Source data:
****************

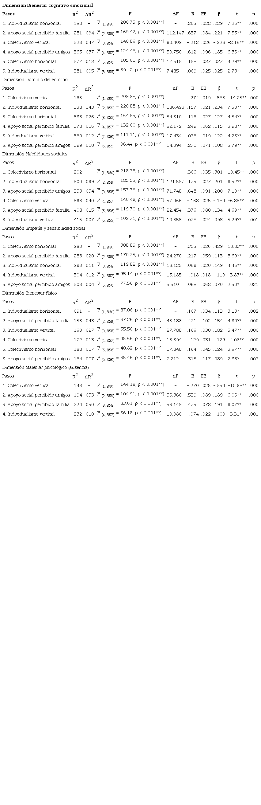 Para conocer los mejores predictores de la SMP se realizaron análisis de regresión con el método paso a paso para la muestra general, observando los supuestos estadísticos pertinentes, teniendo como variable dependiente cada factor de SMP y las variables apoyo social percibido de la familia (ASPF), apoyo social percibido de los amigos (ASPA), IH, CH, IV y CV como variables independientes. Se produjeron modelos estadísticamente significativos para las dimensiones de SMP: Bienestar cognitivo emocional, Dominio del entorno, Habilidades sociales, Empatía y sensibilidad social, Bienestar físico y Ausencia de malestar psicológico que explican entre 19.4% y 41.5% de la varianza con los diferentes predictores (ver Tabla 3).
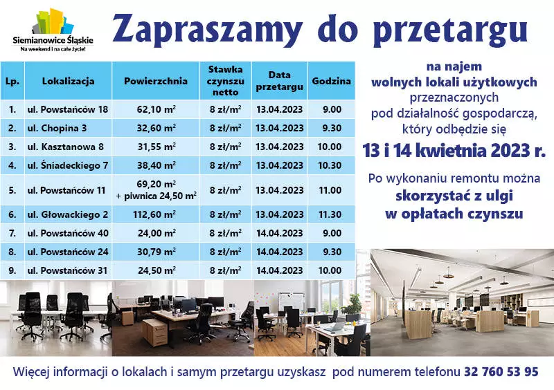 - ul. Powstańców 18 - Lokal użytkowy ma powierzchnię 62,10 m2. Stawką wywoławczą w przetargu jest miesięczna opłata czynszowa w wysokości 496,80 zł. Wadium w wysokości 20% rocznego czynszu wynosi 1 192,32 zł. Przetarg odbędzie się w dniu 13.04.2023 r. o godz. 9.00 na sali konferencyjnej w budynku Urzędu Miasta Siemianowice Śląskie przy ul. Michałkowickiej 105.
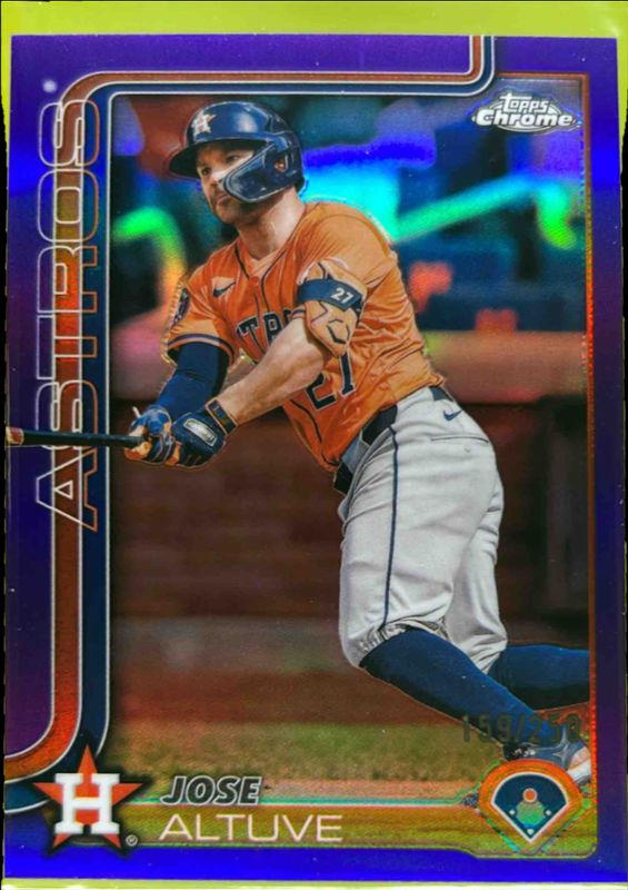 The Jose Altuve 2025 Topps Chrome #77 Purple Refractor /250 card is 1 of 66 Jose Altuve's card variations in the 2025 Topps Chrome set being tracked by Sports Card Investor, including Base, Geometric Refractor, Image Variation, Lightboard Logo Variation, and Negative Refractor.
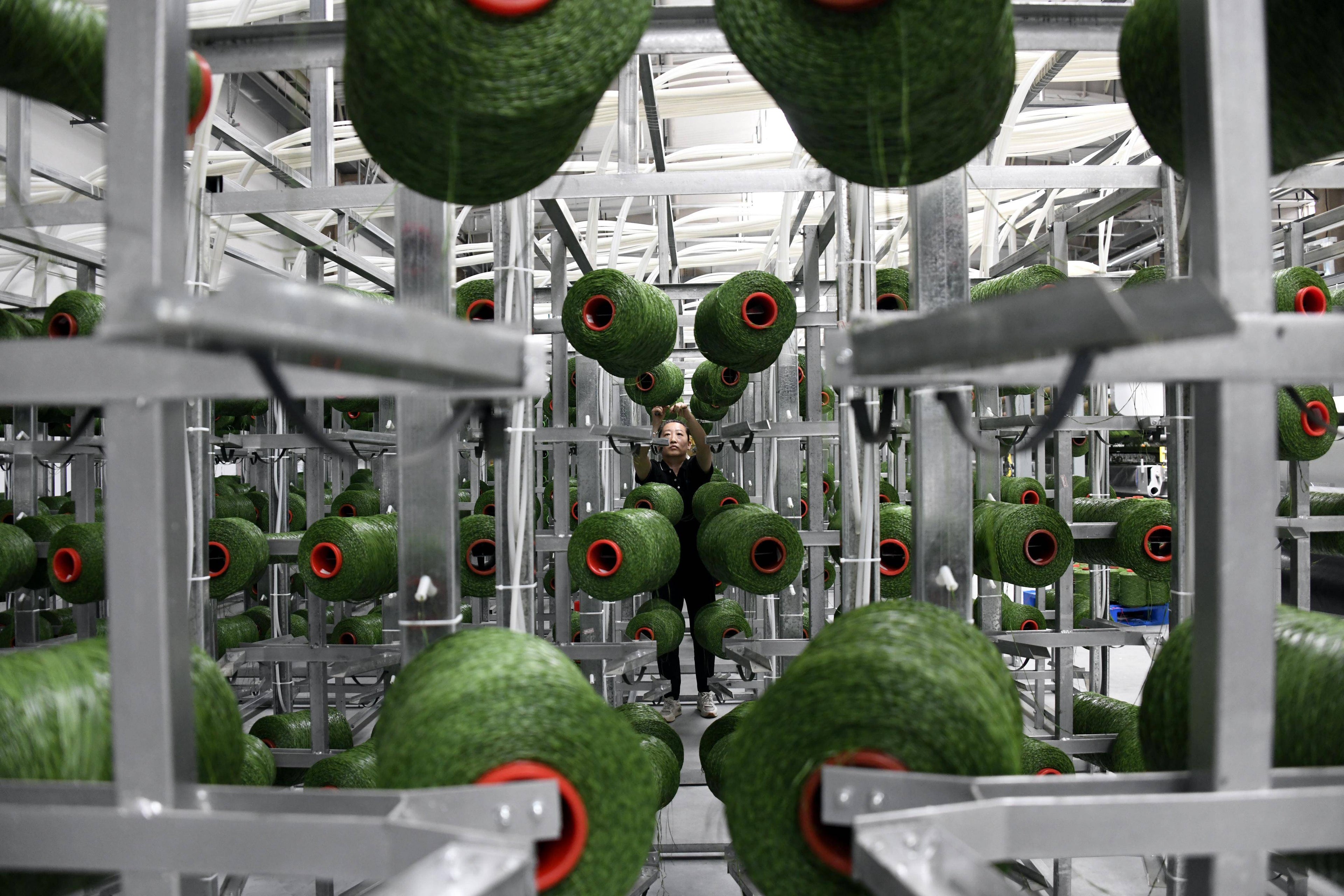 The molten plastic mixture is extruded through a "spinneret" with precise micro-holes to form continuous filaments. The newly extruded fibers are immediately cooled and set, then undergo multiple stretching (drawing) processes to enhance their strength, toughness, and tensile properties. Depending on the product design, the fibers can be processed into a flat shape or made into a "fibrillated" yarn (one-step process) that mimics natural grass through special dies. Finally, the formed fibers are neatly wound onto large spools, ready for the next tufting stage.
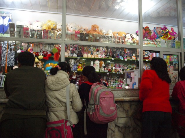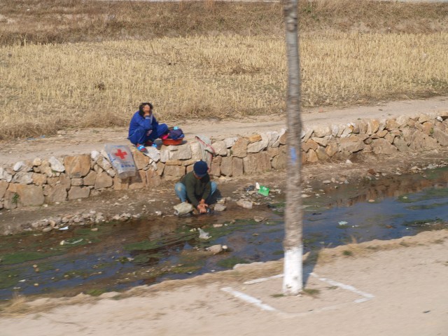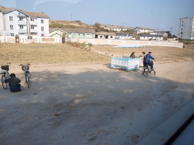 Capitalism in North Korea. This woman was selling little rice cake type things. Using DPRK currency and RMB.
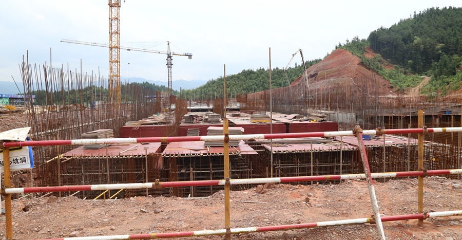 平江县供水枢纽工程长寿水厂施工现场
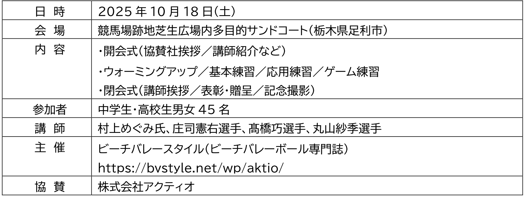 総合建設機械レンタルの株式会社アクティオ(本社:東京都中央区日本橋、代表取締役社長兼COO:小沼直人、以下アクティオ)は、ビーチバレースタイルが主催する、部活動でビーチバレーボールに取り組む中・高校生を対象にしたイベント「AKTIO アンダーエイジ・ビーチバレーボール・アカデミー」に冠協賛をしております。今回で12回目となるアカデミーを2025年10月18日(土)に栃木県足利市の競馬場跡地芝生広場内多目的サンドコートで開催いたしました。
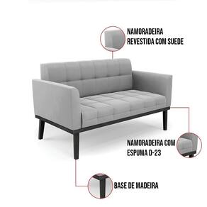 Você gosta de colecionar vários momentos memoráveis com sua família e amigos? Que tal recebê-los, com móveis de altíssima qualidade que só a D'Rossi tem? O Sofá Sofá Namoradeira e Poltrona Elisa é adequado para você! Seu design retrô é a grande tendência do momento. Pode ser em diversos espaços da casa, em salas, hall de entrada, quartos, cozinhas, varanda, sacada, escritório, dentre outros. Contém as seguintes características: A estrutura é feita de madeira de Eucalipto 100% de reflorestamento, e a Base de Madeira Fixa Preto, além de ser resistente e durável, suporta em média até 120 kg. Assento, encosto e braços, contém enchimento de espuma D-23 e é estofada em tecido Suede, que oferece muito conforto e resistência ao sentar, com aquela sensação de maciez e aconchego. Possui também, detalhes de costura no encosto e assento, resultando em um acabamento impecável, conferindo muito mais valor e elegância ao seu espaço. Para complementar a decoração com esse lindo Kit Sofá Namoradeira e Poltrona Elisa, a dica é utilizar mantas, almofadas ou vasinho de flor. E pronto, seu cantinho estará perfeito para descansar e relaxar! Aqui, você encontra várias opções, para que seus amigos e familiares se sintam acolhidos. Garanta já seu Kit Sofá Namoradeira e Poltrona Elisa.
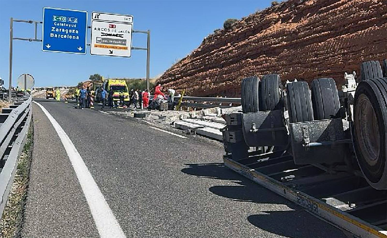 A las 12:02 horas se ha producido el vuelco de un camión que transportaba vigas de hormigón. La carga ha afectado a un turismo y ha quedado esparcida en la calzada. Como consecuencia de este accidente la vía que quedado cortada en el p.k. 167,000 de la A-2.

****************

• **Task details**:
Using the entries above, reproduce word for word only the lines from the one that contains "平江县供水枢纽工程长寿水厂施工现场" to the one that contains "総合建設機械レンタルの株式会", both ends included, and drop every picture.

• **Result of the exercise**:
 平江县供水枢纽工程长寿水厂施工现场
 総合建設機械レンタルの株式会社アクティオ(本社:東京都中央区日本橋、代表取締役社長兼COO:小沼直人、以下アクティオ)は、ビーチバレースタイルが主催する、部活動でビーチバレーボールに取り組む中・高校生を対象にしたイベント「AKTIO アンダーエイジ・ビーチバレーボール・アカデミー」に冠協賛をしております。今回で12回目となるアカデミーを2025年10月18日(土)に栃木県足利市の競馬場跡地芝生広場内多目的サンドコートで開催いたしました。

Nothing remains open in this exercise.